OneFlow implements multi-VM application and auto-scaling to define, execute and manage multi-tiered elastic applications, or services composed of interconnected Virtual Machines with deployment dependencies between them, using auto-scaling rules.
Application insight with OneGate allows Virtual Machine guests to pull and push VM information from OpenNebula. Users and administrators can use it to gather metrics, detect problems in their applications, and trigger OneFlow elasticity rules from inside the VM.
Reference guides are provided with more information about definition files, templates, and the CLI.
4.3. Add contents to your Cloud¶
OpenNebula offers multiple options for adding Applications to your cloud, from using your existing disk images to downloading them from public or private Marketplaces.

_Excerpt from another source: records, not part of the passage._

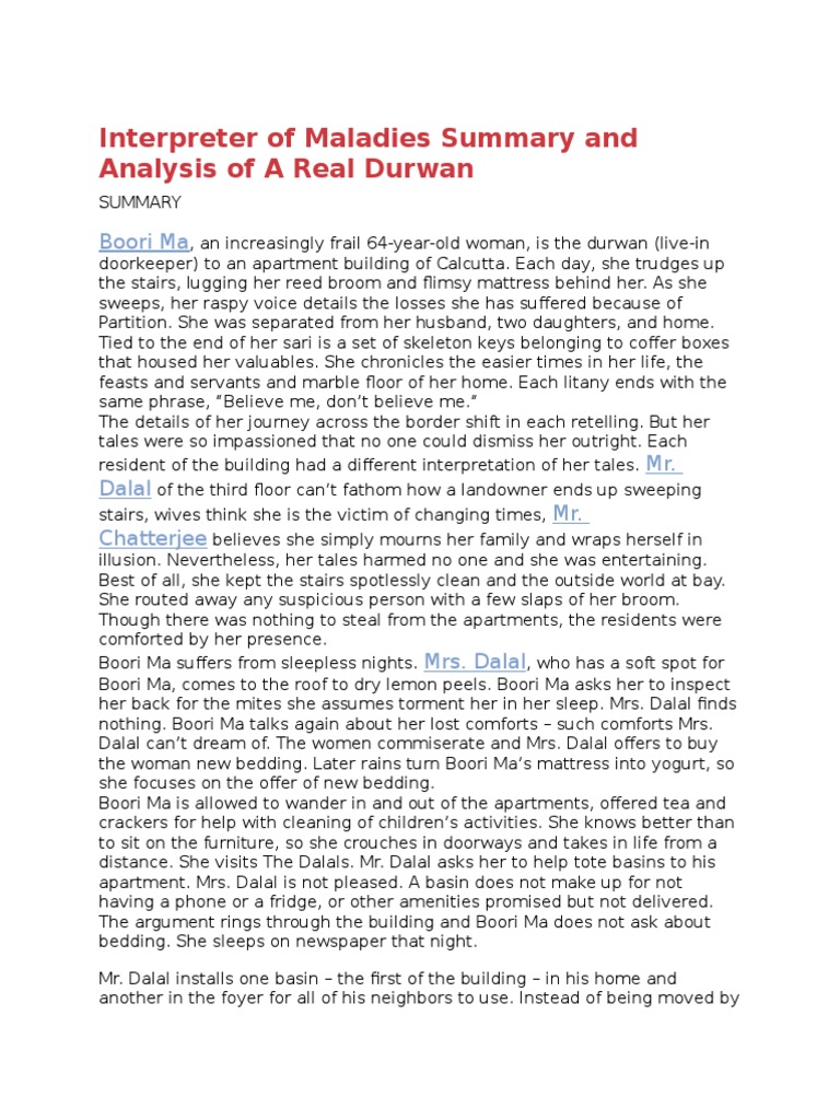 SectionInterpreter of Maladies Summary and Analysis Buy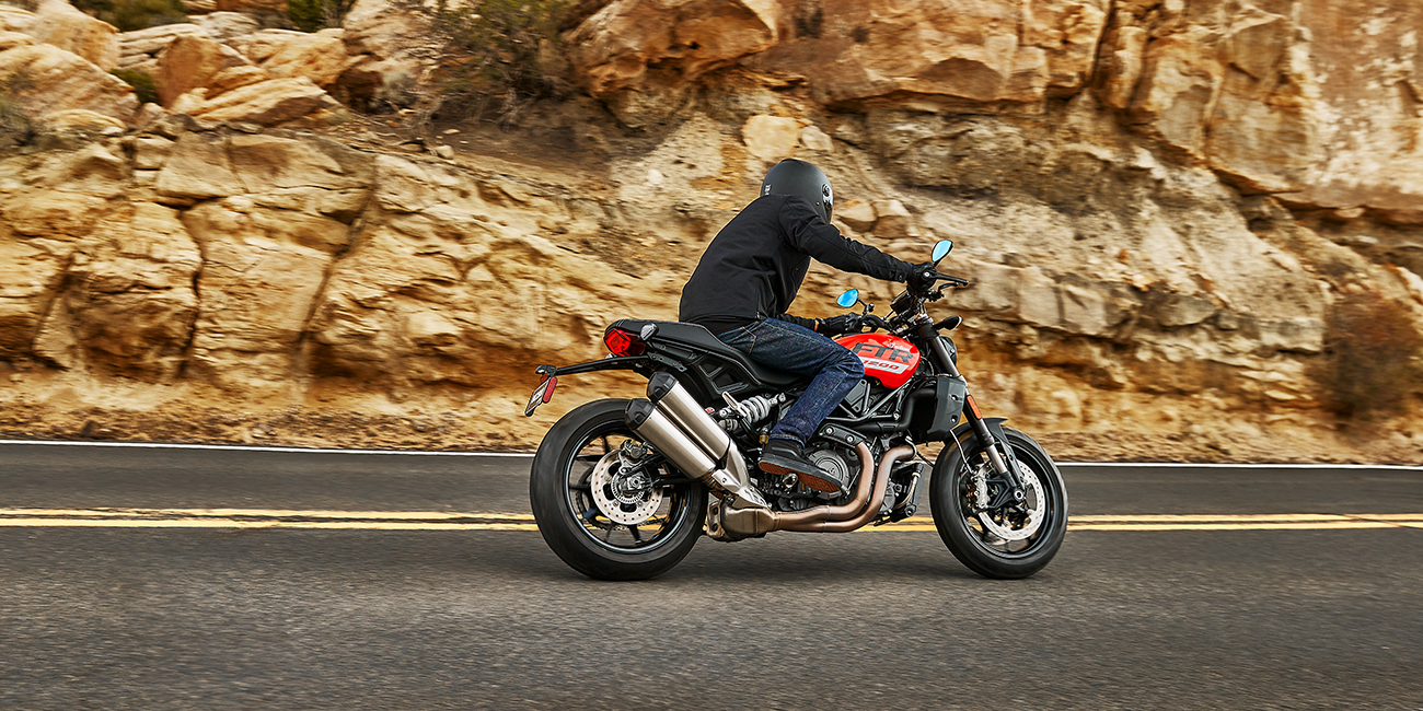 Qu'il tourne au ralenti ou à plein régime, le puissant bicylindre donne tout son caractère à la FTR. N'oubliez pas de monter le volume !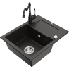 Mexen Enzo гранитна кухненска мивка с 1 корито и дренаж, и кухненски смесител Carla, черен - 6506-77-670700-70

For information on creating new applications, see the Creating Images section.
Step 5. Integrate with other Components¶
This step is optional and only for integrators and builders.
Because no two clouds are the same, OpenNebula provides many different interfaces that can be used to interact with the functionality offered to manage physical and virtual resources.
A modular and extensible architecture with customizable plugins for integration with any third-party data center infrastructure platform for storage, monitoring, networking, authentication, virtualization and market.
A rich API set that offers all the functionality of OpenNebula components, with bindings for Ruby and Java as well as the XML-RPC API. These APIs will ease the integration of your cloud with higher-level tools such as chargeback, billing or self-service platforms.
The OneFlow API to create, control and monitor multi-tier applications or services composed of interconnected Virtual Machines.
A Hook Manager to trigger administration scripts upon resource state changes or API calls.